Problem to work on. Return, word for word, only the lines of the data below that lie between the line with "Tại hiện trường" and the line with "四季皮面防水运动鞋百搭青年跑步鞋防滑情侣休闲鞋子秋冬加绒男鞋", those two lines included.

□ □ □

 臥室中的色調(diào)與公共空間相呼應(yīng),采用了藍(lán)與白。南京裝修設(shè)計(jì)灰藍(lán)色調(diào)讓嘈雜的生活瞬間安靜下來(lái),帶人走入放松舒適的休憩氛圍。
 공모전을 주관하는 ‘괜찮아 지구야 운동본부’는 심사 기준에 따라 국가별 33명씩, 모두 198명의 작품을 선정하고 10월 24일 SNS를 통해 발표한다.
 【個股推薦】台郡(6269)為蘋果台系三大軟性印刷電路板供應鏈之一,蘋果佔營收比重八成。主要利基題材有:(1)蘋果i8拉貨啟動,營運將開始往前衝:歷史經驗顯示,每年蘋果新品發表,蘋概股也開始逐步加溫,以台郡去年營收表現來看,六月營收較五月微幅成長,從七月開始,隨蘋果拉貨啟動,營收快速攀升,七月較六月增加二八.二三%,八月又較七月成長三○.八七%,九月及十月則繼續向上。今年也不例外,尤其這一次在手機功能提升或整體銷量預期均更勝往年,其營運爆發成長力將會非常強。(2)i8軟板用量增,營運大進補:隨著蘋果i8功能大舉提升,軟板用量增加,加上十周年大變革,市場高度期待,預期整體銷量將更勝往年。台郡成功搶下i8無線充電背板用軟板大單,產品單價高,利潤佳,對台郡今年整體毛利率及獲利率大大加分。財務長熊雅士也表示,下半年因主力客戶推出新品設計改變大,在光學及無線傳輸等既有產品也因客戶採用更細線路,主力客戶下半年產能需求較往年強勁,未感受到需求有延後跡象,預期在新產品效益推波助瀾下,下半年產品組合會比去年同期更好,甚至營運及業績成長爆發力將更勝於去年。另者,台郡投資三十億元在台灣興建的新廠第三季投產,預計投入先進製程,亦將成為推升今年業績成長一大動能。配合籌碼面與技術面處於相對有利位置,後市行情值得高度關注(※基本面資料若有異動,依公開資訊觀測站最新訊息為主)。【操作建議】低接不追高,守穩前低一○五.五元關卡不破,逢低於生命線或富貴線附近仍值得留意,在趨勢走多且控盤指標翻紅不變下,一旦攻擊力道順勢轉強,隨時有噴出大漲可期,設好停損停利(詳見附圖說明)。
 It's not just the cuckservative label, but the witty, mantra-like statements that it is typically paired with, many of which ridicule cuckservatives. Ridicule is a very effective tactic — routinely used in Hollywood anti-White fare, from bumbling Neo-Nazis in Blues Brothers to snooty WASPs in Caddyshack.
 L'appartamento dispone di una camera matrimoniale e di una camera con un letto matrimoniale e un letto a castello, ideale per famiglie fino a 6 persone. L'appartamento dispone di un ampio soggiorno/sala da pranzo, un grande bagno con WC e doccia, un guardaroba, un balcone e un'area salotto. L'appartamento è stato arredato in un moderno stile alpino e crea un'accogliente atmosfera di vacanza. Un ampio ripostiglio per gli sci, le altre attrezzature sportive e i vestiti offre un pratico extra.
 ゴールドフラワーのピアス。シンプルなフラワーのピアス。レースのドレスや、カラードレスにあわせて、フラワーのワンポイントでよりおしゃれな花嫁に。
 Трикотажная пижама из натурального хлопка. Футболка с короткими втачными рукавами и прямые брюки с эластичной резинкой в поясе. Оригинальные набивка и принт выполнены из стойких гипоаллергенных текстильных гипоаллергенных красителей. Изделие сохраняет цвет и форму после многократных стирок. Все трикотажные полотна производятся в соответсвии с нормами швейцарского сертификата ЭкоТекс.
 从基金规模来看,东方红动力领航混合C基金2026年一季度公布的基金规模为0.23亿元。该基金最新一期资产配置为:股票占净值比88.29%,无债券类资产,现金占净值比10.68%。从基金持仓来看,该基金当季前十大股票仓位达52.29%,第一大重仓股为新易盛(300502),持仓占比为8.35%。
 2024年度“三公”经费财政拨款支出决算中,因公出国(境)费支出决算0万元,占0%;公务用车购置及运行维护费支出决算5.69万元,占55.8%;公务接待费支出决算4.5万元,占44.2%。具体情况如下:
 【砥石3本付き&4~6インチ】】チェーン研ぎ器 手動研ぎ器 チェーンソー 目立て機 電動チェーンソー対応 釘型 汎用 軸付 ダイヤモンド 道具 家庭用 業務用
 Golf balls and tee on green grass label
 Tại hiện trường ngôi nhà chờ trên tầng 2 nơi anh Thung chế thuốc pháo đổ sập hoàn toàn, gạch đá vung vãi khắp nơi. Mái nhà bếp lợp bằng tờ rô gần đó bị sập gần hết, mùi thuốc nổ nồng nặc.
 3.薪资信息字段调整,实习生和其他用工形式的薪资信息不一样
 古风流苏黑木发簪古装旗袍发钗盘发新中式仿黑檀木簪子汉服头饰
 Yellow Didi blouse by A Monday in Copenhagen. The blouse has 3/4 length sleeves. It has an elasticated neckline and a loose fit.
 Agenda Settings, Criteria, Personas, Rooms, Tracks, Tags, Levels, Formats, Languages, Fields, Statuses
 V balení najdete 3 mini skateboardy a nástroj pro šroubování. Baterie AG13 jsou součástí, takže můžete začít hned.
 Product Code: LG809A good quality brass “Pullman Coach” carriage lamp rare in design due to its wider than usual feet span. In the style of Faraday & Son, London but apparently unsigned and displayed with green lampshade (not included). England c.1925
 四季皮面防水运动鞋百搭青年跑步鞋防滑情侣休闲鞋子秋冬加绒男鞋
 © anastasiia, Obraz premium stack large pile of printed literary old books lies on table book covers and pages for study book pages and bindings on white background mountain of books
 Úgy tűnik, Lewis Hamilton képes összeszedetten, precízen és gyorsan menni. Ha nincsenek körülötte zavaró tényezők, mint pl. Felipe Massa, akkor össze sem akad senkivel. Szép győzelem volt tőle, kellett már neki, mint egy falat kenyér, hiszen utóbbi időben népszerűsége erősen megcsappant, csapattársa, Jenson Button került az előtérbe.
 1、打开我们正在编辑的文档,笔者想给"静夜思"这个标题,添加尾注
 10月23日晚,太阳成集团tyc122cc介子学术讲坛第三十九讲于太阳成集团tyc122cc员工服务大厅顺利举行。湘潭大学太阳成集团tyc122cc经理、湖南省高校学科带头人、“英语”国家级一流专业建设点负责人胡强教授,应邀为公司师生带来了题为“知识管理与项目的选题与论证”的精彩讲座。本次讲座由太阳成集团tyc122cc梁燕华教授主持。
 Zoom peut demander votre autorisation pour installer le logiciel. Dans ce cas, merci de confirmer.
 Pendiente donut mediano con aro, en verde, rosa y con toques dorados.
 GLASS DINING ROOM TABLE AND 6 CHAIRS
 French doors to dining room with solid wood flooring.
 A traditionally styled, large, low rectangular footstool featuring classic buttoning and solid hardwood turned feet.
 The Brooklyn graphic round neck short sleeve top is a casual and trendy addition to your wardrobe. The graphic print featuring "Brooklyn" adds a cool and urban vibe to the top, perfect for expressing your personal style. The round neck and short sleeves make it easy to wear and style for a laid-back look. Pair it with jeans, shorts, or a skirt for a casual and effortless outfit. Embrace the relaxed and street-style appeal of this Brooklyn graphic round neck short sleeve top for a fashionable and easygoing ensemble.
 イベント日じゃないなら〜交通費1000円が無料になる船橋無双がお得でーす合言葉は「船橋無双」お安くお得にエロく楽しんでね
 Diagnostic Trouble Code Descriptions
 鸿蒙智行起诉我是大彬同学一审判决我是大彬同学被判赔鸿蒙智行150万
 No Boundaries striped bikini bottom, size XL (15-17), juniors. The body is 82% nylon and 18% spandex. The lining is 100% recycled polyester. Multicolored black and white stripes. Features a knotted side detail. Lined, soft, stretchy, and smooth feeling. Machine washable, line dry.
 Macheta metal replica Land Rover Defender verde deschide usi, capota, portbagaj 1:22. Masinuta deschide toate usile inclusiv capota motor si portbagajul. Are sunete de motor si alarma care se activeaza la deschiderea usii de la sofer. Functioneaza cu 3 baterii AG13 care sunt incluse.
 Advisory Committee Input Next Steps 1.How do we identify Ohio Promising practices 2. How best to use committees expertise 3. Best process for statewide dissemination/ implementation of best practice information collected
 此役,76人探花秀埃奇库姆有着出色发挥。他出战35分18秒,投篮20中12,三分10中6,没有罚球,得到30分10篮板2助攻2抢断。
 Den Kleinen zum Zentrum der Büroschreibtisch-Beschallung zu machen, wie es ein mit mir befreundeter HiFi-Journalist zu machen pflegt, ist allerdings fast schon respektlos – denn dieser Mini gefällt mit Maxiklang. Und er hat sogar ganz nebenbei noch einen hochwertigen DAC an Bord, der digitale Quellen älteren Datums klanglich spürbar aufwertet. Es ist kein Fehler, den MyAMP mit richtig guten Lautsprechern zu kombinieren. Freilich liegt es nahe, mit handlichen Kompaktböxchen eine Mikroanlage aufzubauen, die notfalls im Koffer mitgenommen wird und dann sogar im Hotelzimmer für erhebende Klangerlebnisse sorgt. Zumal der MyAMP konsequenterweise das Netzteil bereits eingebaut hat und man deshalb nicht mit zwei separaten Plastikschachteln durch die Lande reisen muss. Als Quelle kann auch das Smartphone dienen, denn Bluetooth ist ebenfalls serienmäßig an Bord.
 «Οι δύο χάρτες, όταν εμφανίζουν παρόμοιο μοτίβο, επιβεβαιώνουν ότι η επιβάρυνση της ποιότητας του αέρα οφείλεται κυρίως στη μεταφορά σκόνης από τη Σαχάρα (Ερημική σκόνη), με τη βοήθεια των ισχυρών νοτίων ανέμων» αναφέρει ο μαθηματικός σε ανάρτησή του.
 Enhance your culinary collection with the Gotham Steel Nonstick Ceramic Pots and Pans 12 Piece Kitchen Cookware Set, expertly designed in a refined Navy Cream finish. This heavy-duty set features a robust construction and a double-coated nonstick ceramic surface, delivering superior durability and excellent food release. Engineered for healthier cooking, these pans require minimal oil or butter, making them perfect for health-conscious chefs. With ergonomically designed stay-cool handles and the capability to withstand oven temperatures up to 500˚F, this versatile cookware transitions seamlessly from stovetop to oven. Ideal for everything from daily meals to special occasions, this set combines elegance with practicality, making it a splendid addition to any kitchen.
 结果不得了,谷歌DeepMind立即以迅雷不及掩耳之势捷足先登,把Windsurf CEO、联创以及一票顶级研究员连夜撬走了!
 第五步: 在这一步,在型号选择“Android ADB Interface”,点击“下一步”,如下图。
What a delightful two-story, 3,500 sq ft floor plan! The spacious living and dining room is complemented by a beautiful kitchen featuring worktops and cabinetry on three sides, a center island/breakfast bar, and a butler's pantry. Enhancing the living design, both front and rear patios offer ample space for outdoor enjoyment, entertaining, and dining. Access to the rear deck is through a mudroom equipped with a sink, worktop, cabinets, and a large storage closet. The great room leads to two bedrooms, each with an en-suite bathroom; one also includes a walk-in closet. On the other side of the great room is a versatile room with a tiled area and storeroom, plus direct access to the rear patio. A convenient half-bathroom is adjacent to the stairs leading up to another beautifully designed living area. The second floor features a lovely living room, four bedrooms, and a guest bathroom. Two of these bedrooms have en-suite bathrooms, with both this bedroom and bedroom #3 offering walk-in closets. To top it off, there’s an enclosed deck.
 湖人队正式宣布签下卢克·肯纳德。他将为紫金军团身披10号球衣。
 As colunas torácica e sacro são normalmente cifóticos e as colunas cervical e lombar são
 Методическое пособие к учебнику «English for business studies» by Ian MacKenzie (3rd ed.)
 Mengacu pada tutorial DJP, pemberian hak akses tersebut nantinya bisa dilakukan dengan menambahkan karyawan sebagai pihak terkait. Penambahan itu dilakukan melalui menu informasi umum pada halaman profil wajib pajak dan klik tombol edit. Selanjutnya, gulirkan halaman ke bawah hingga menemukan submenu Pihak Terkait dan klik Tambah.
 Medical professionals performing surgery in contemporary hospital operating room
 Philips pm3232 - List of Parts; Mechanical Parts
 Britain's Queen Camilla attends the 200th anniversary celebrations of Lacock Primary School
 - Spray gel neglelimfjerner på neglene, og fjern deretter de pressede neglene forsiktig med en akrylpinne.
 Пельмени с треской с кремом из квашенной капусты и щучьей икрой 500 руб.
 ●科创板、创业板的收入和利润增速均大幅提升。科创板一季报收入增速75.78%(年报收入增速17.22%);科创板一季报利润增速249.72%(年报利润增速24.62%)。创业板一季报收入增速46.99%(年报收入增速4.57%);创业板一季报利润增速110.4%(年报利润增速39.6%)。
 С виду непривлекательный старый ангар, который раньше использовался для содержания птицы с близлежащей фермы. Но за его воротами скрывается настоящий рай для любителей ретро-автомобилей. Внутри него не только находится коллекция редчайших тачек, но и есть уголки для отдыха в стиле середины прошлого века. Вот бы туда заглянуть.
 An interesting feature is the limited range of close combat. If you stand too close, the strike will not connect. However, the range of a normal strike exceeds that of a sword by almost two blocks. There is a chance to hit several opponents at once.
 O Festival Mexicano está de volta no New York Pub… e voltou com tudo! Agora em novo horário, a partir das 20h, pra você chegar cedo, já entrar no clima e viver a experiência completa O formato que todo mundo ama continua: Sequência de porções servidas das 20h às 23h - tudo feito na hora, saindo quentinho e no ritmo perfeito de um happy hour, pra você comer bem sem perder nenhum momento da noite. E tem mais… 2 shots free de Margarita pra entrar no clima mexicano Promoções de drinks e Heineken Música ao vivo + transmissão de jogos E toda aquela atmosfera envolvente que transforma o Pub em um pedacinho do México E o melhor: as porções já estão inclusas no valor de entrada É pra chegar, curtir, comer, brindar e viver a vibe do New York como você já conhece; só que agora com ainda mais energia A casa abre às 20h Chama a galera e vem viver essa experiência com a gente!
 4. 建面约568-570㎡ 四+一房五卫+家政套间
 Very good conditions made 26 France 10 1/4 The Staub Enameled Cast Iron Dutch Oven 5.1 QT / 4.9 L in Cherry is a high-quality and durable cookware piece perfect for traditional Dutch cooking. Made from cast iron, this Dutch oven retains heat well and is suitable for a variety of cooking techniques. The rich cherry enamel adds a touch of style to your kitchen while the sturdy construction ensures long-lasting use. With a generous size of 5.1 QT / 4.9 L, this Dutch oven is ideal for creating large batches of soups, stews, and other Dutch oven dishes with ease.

□ □ □

Exercise output.
 Tại hiện trường ngôi nhà chờ trên tầng 2 nơi anh Thung chế thuốc pháo đổ sập hoàn toàn, gạch đá vung vãi khắp nơi. Mái nhà bếp lợp bằng tờ rô gần đó bị sập gần hết, mùi thuốc nổ nồng nặc.
 3.薪资信息字段调整,实习生和其他用工形式的薪资信息不一样
 古风流苏黑木发簪古装旗袍发钗盘发新中式仿黑檀木簪子汉服头饰
 Yellow Didi blouse by A Monday in Copenhagen. The blouse has 3/4 length sleeves. It has an elasticated neckline and a loose fit.
 Agenda Settings, Criteria, Personas, Rooms, Tracks, Tags, Levels, Formats, Languages, Fields, Statuses
 V balení najdete 3 mini skateboardy a nástroj pro šroubování. Baterie AG13 jsou součástí, takže můžete začít hned.
 Product Code: LG809A good quality brass “Pullman Coach” carriage lamp rare in design due to its wider than usual feet span. In the style of Faraday & Son, London but apparently unsigned and displayed with green lampshade (not included). England c.1925
 四季皮面防水运动鞋百搭青年跑步鞋防滑情侣休闲鞋子秋冬加绒男鞋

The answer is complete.